- **Problem requirements**:
Would you repeat word for word the lines of the listing that follows, from the one with "第二天中午就打卡这家乳猪店 老板做生意很诚信 100元一斤拷乳猪" up to and including the one with "Lasikuituvahvistettu teippi akkujen", and leave out the images?

*** Opening Material for this exercise ***

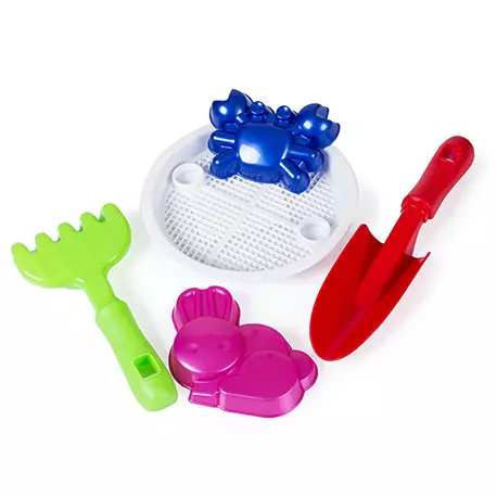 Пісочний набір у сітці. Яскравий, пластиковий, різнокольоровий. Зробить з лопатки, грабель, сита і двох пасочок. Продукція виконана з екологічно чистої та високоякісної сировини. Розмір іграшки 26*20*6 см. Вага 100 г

*** Closing Material for this exercise ***
*** Opening Material for this exercise ***

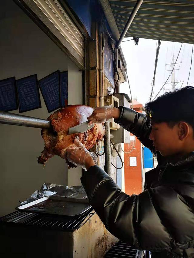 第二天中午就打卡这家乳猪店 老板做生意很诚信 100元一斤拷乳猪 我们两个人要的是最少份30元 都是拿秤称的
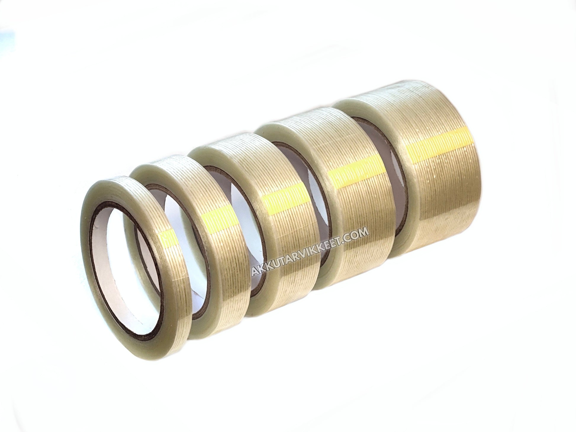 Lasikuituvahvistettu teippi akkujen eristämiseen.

*** Closing Material for this exercise ***

- **Completed task**:
 第二天中午就打卡这家乳猪店 老板做生意很诚信 100元一斤拷乳猪 我们两个人要的是最少份30元 都是拿秤称的
 Lasikuituvahvistettu teippi akkujen eristämiseen.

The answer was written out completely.